PROBLEM STATEMENT: Go to the line with "架空式太陽能光伏公路充分利用" in the material below and copy from there through the line with "407 - عَبْد", exactly. Pictures are not copied.

DATASET EXTRACT:

^^^^^^^^^^^^^^^^

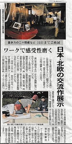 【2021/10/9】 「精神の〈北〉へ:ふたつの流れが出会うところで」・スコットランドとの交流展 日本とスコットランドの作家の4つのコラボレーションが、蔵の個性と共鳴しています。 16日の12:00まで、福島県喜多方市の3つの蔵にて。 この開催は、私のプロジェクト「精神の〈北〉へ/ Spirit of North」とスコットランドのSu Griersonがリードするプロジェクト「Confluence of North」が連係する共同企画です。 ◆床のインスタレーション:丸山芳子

^^^^^^^^^^^^^^^^

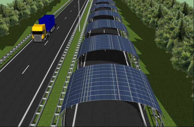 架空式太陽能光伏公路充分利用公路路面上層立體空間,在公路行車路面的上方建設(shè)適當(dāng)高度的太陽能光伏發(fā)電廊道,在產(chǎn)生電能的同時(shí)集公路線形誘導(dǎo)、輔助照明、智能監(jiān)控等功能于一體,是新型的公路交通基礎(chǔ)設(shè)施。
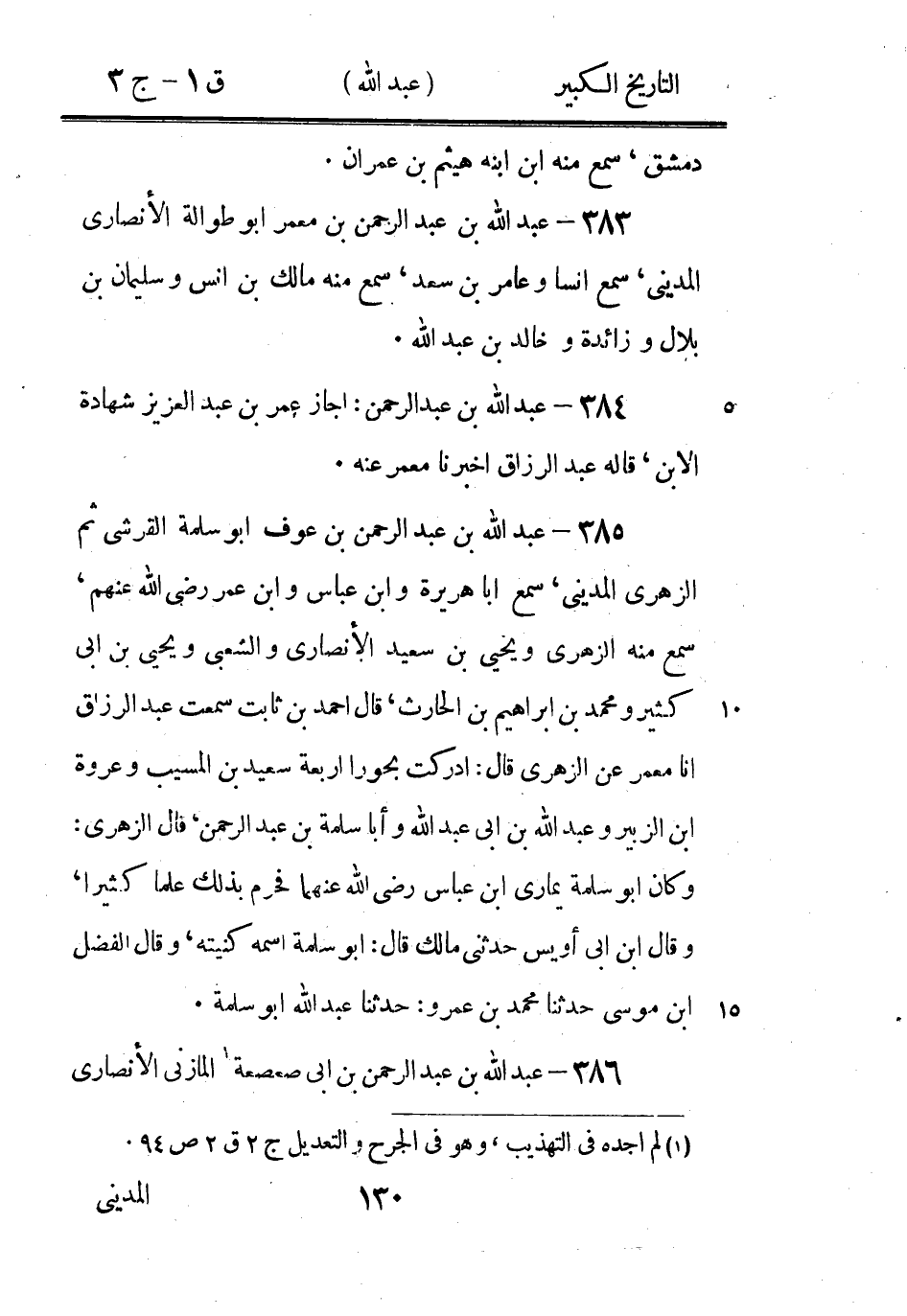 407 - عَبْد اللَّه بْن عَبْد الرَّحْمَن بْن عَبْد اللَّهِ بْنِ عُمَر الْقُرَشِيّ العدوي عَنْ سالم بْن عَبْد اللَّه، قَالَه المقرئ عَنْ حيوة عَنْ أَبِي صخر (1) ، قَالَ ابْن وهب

^^^^^^^^^^^^^^^^

TASK OUTPUT:
 架空式太陽能光伏公路充分利用公路路面上層立體空間,在公路行車路面的上方建設(shè)適當(dāng)高度的太陽能光伏發(fā)電廊道,在產(chǎn)生電能的同時(shí)集公路線形誘導(dǎo)、輔助照明、智能監(jiān)控等功能于一體,是新型的公路交通基礎(chǔ)設(shè)施。
 407 - عَبْد اللَّه بْن عَبْد الرَّحْمَن بْن عَبْد اللَّهِ بْنِ عُمَر الْقُرَشِيّ العدوي عَنْ سالم بْن عَبْد اللَّه، قَالَه المقرئ عَنْ حيوة عَنْ أَبِي صخر (1) ، قَالَ ابْن وهب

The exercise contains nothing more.